- WORK TO BE COMPLETED -
Starting with the first line of the data below, copy each line up to and including the one containing "下松市の笠戸島で、特産の「青いレモン」の収穫が本格的に始まりました。". Pictures stay out.

[[ DATASET open ]]

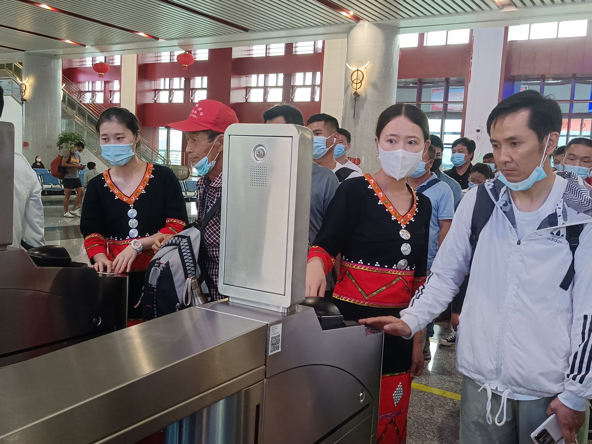 在南(宁)昆(明)客运专线沿线,旅客乘高铁出行到指定景区和酒店住宿可享受不同的折扣优惠。客运员还为旅客提供景点和交通衔接推介服务,赠送“金花”文创产品,营造祥和的节日氛围。
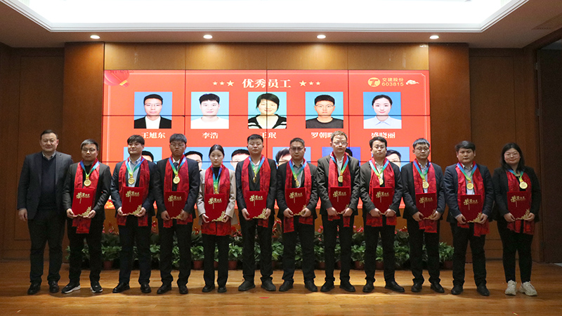 2023年公司全員凝心聚力,臨難不卻,取得了較為不易的成績,也涌現出了一批敬業篤行、奮輯勇進的先進榜樣。公司董事會秘書曹振明宣讀了2023年度公司優秀表彰文件,隨后舉行了隆重的頒獎儀式,為受表彰的個人和集體頒發獎杯、證書及獎金。大會號召公司全員要以先進為榜樣,心系發展,愛崗敬業,同心共贏,再創佳績!
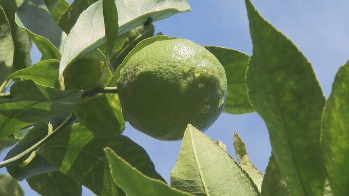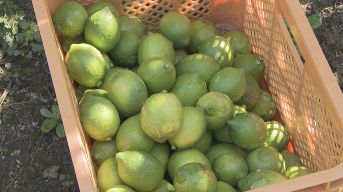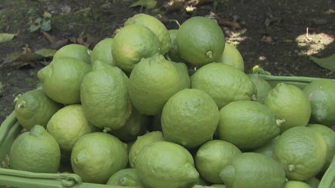 下松市の笠戸島で、特産の「青いレモン」の収穫が本格的に始まりました。
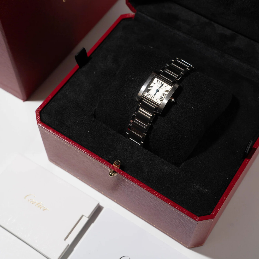 Presented in immaculate condition and dated to 2024, this example is supplied with original Cartier paperwork, box, and certification, and is covered by a 12-Month WLC Warranty. A timeless Tank Française with enduring appeal, offering strong demand within the classic dress watch segment.
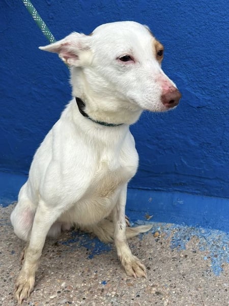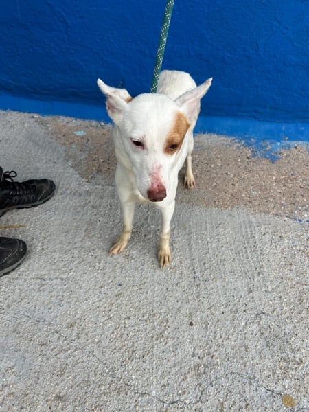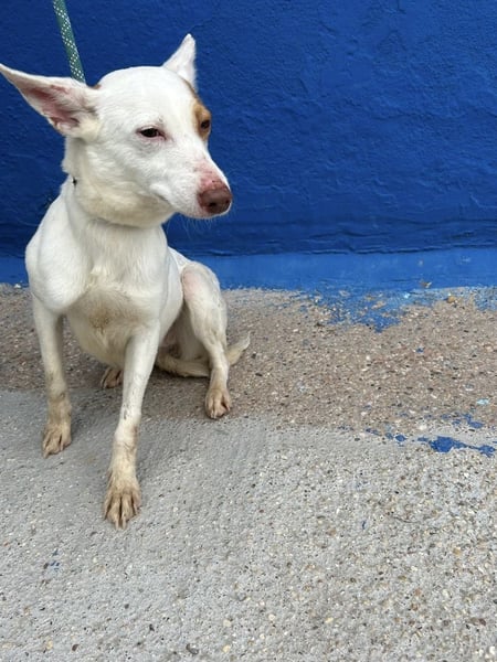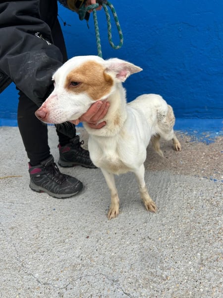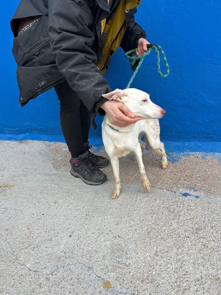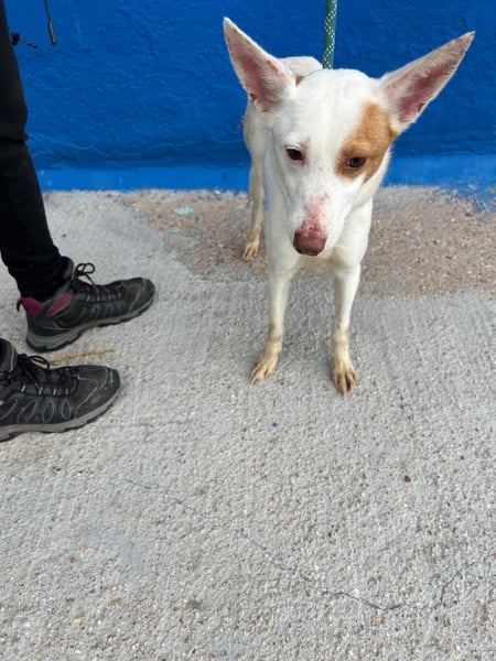 Luni ist eine junge, bezaubernde Podenco-Hündin, die mit ihrem besonderen Aussehen sofort das Herz berührt: Eine Gesichtshälfte strahlend weiß, die andere in einem sanften Hellbraun – ein Ausdruck, der ihre Sensibilität und Zartheit noch stärker hervorhebt. Geboren am 15. April 2023, etwa 41 cm groß, gechipt, geimpft und bei Ausreise kastriert, wartet sie derzeit in Spanien (Burgos) auf die Menschen, die ihr endlich zeigen, wie schön ein Hundeleben sein kann.
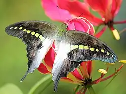 The body with white-grey hairs, the upperside of the head and thorax green. Upper surface of the wings silky black-green in the male somewhat paler and almost entirely without gloss in the female; forewing with a macular band extending from the apex to the middle of the hindmargin, which is often incomplete and is above green or yellow and scaleless, beneath green-white and scaled; hindwing elongate-triangular,with broad tail, the base and the abdominal margin to about the apex of the cell grey-white. The under surface blackish brown, distally to the hand of the forewing only with light and dark shadows, the hindwing, however, often with triangular costal patch as continuation of the band of the forewing; distinct submarginal spots are absent both above and beneath. Full-grown larva yellowish green, the 3 thoracic segments each with a pale red spine at either side, a similar pair of spines on the last segment, the stigmata blue, on segments 4, 11 and 12 a number of small blue dorsal spots (Kuhn). According to Wahnes the larva has in New Guinea a large brown dorsal spot, yellow-edged posteriorly, which extends from the 3rd to the 5th segment, and a smaller brown spot on the 11. segment.Pupa pale green, slightly bluish or yellowish, head obtuse, rounded, with only very feebly produced angles; thoracic horn sharply pointed, with brown tip, the lateral keel running out into the margin of the wings straight, the small lateral tubercle of the mesothorax pointed, without brown spot.[1]
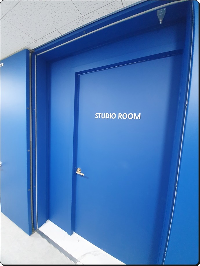 스튜디오는 회의실 및 촬영 스튜디오로 활용하는 공간임을 고려해 출입문을 강화문 안쪽에 파사드와 같은 블루계열의 철문으로 시공해 외부에서 봤을 때, 하나의 공간으로 인식되도록 했습니다.
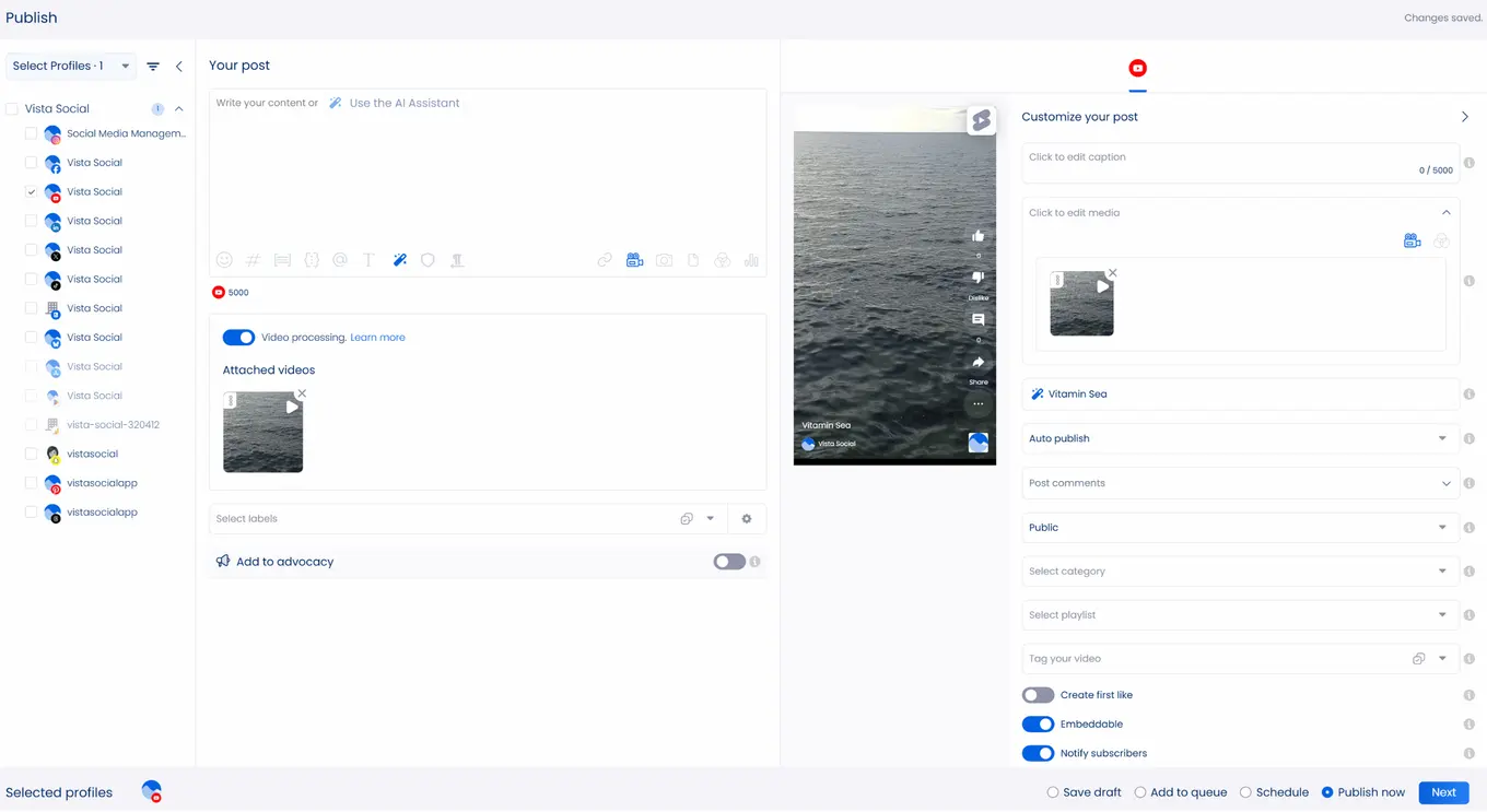 Leverage reliable YouTube management tools for business with Vista Social to make your life as a social media manager much easier. Create a Vista Social account now to harness the power of a robust social media management platform.
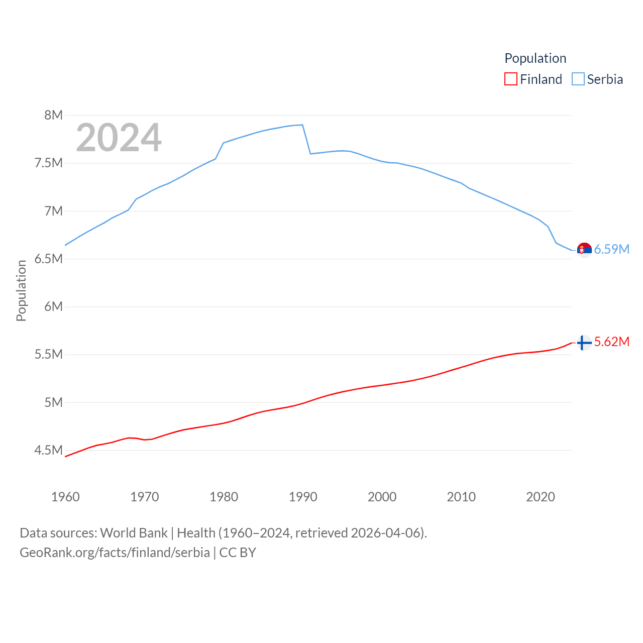 Finland has a population of 5.62M (ranked 116/197), compared with 6.59M in Serbia (ranked 109/197). Finland's land area is 117,360 sq mi versus 32,467 sq mi for Serbia (ranked 70th vs. 111th).
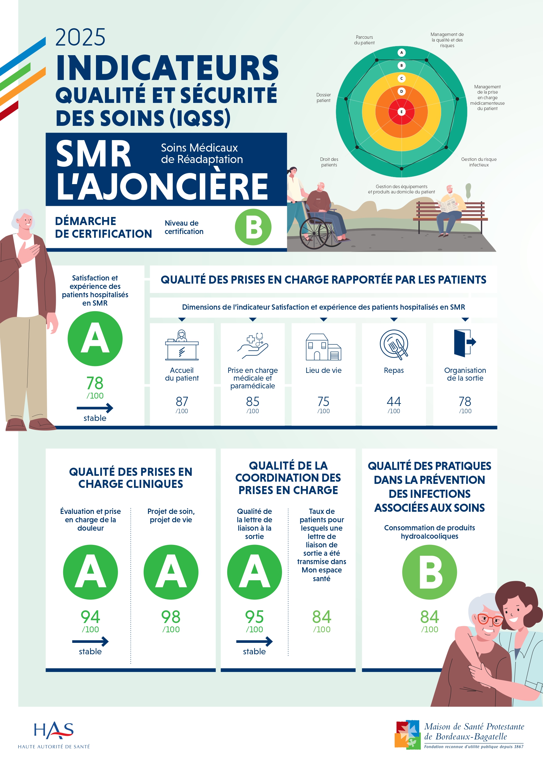 L’établissement recueille de nombreux indicateurs externes ou internes afin de déterminer le niveau de qualité. Retrouvez l’ensemble de nos indicateurs sur QualiScope.
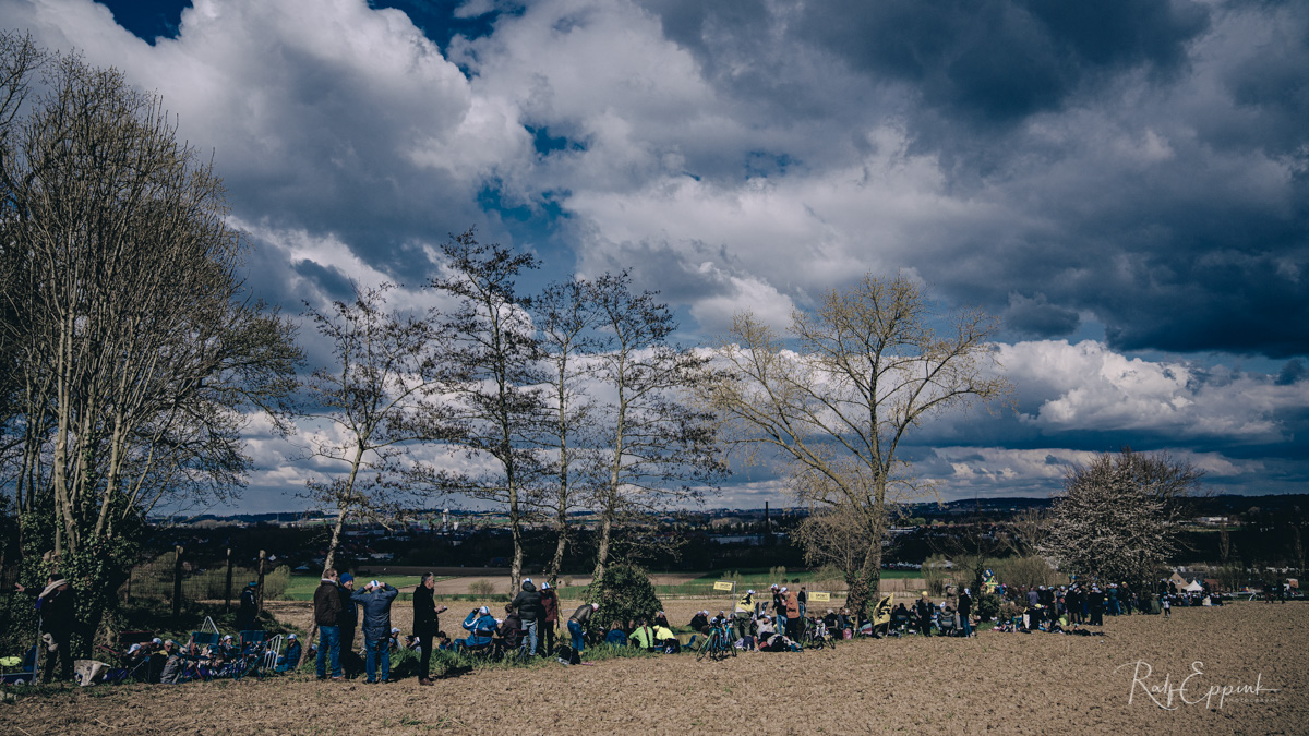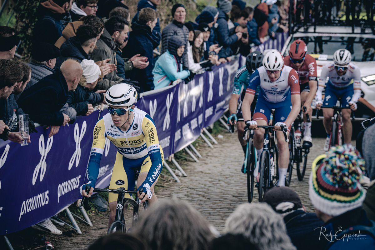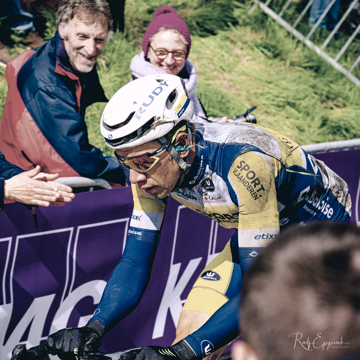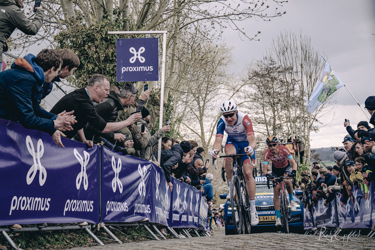 Beim Profirennen stand ich dann tags darauf für meine Fotos am Oude Kwaremont, einer der Renn-entscheidenden Kopfsteinpflaster Anstiege. Seit einigen Jahren wird dieser 2 km lange Hügel mehrfach durch-/überfahren und bildet mit dem Paterberg kurz vor dem Ziel einen Rennabschnitt, an dem nicht selten die Vorentscheidung fällt, wer hier vorne mit fährt hat Chancen auf das Podium wenn nicht gar auf den Sieg.
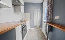 The property also offers off road parking outside the front. The living space offers light and space and is decorated neutrally. The kitchen again has been finished well with neutral cupboards and wood effect worktops with an electric hob, oven and extractor hood. Through the kitchen is a small space which houses the gas combo boiler before you get to the bathroom.
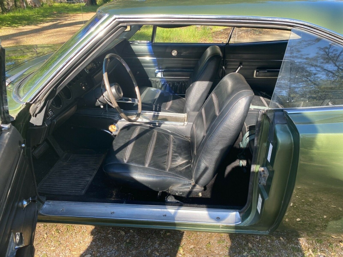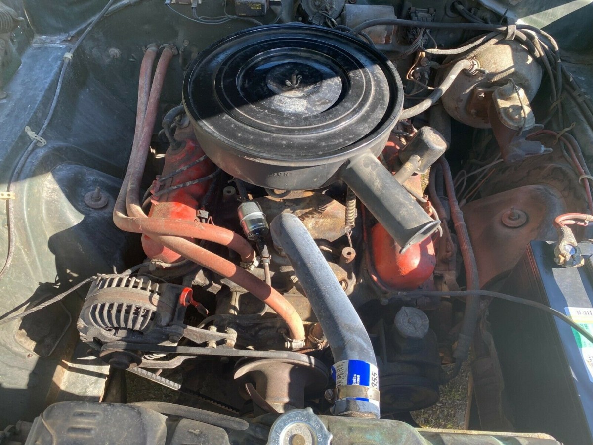 The dark green paint looks quite nice, the vinyl top it came with is gone and the roof has been repainted in a matching color. However, for a car that is generally rust-free, it seems that corrosion has targeted the trunk floor which might suggest there was rust under the vinyl and water leaked into the trunk, thus leading to the damage there now that should be corrected before getting worse. The interior generally looks good with a split in both the dash pad and steering wheel.
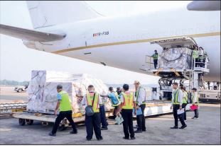 A Rom Cargo Airline plane carrying UNICEF Myanmar relief supplies for earthquake-affected people arrived at Yangon International Airport yesterday morning.

[[ DATASET closed ]]

- SOLUTION TO THIS EXERCISE -
 在南(宁)昆(明)客运专线沿线,旅客乘高铁出行到指定景区和酒店住宿可享受不同的折扣优惠。客运员还为旅客提供景点和交通衔接推介服务,赠送“金花”文创产品,营造祥和的节日氛围。
 2023年公司全員凝心聚力,臨難不卻,取得了較為不易的成績,也涌現出了一批敬業篤行、奮輯勇進的先進榜樣。公司董事會秘書曹振明宣讀了2023年度公司優秀表彰文件,隨后舉行了隆重的頒獎儀式,為受表彰的個人和集體頒發獎杯、證書及獎金。大會號召公司全員要以先進為榜樣,心系發展,愛崗敬業,同心共贏,再創佳績!
 下松市の笠戸島で、特産の「青いレモン」の収穫が本格的に始まりました。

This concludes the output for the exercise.